现代机器学习已经取得了令人印象深刻的预测性能，但往往牺牲了可解释性，这是医学等高风险领域的关键考虑因素。在这种情况下，从业者经常使用高度可解释的决策树模型，但是这些模型会受到对加法结构的归纳偏见的影响。为了克服这种偏见，我们提出了快速可解释贪婪树和（FIGS），它推广了分类和回归树（CART）算法，以同时在求和中生长灵活数量的树。通过将逻辑规则与加法相结合，FIGS在保持高度可解释性的同时适应了加法结构。在真实世界数据集上的实验表明，FIGS达到了最先进的预测性能。为了证明FIGS在高风险领域的有用性，我们采用FIGS来学习临床决策工具（cdi），这是指导决策的工具。具体来说，我们引入了一种称为组概率加权树和（G-FIGS）的FIGS变体，该变体解释了医疗数据的异质性。G-FIGS衍生的cdi反映了领域知识，并在不牺牲敏感性或可解释性的情况下提高了特异性（比CART提高了20%）。从理论上讲，我们证明了FIGS学习了加性模型的组成部分，我们称之为解纠缠。此外，我们表明（在oracle条件下），当拟合到可加性回归函数时，树和模型利用解纠缠比单树模型更有效地进行泛化。最后，为了避免过度拟合无约束的分裂数，我们开发了Bagging-FIGS，这是FIGS的集成版本，借鉴了随机森林的方差缩减技术。Bagging-FIGS在实际数据集上的表现与随机森林和XGBoost具有竞争力。

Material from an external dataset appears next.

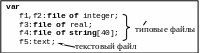 Для использования файла данных в программе нужно в разделе VAR описать файловую переменную (ф/п), в которой будет храниться информация об этом файле (полное имя, длина, дата и время создания и т.д.). Это описание различно для разных типов файлов. Например:
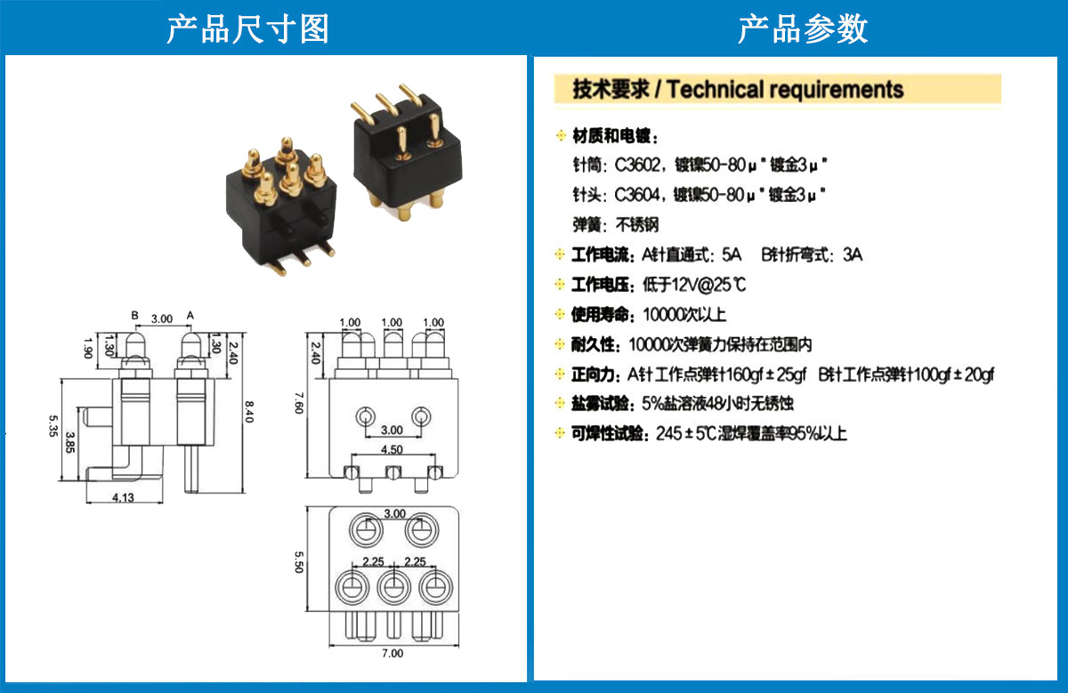 產(chǎn)品介紹:這個(gè)針通常用于智能手表,藍(lán)牙耳機(jī)上的有充電的功能,但是探針總體來說還是測試的

本文章由计算机程序翻译，如有差异，请以英文原文为准。

求助全文

约1分钟内获得全文去求助

来源期刊

Proceedings of the National Academy of Sciences of the United States of America 综合性期刊-综合性期刊

CiteScore

19.00

自引率

0.90%

发文量

3575

审稿时长

2.5 months

期刊介绍： The Proceedings of the National Academy of Sciences (PNAS), a peer-reviewed journal of the National Academy of Sciences (NAS), serves as an authoritative source for high-impact, original research across the biological, physical, and social sciences. With a global scope, the journal welcomes submissions from researchers worldwide, making it an inclusive platform for advancing scientific knowledge.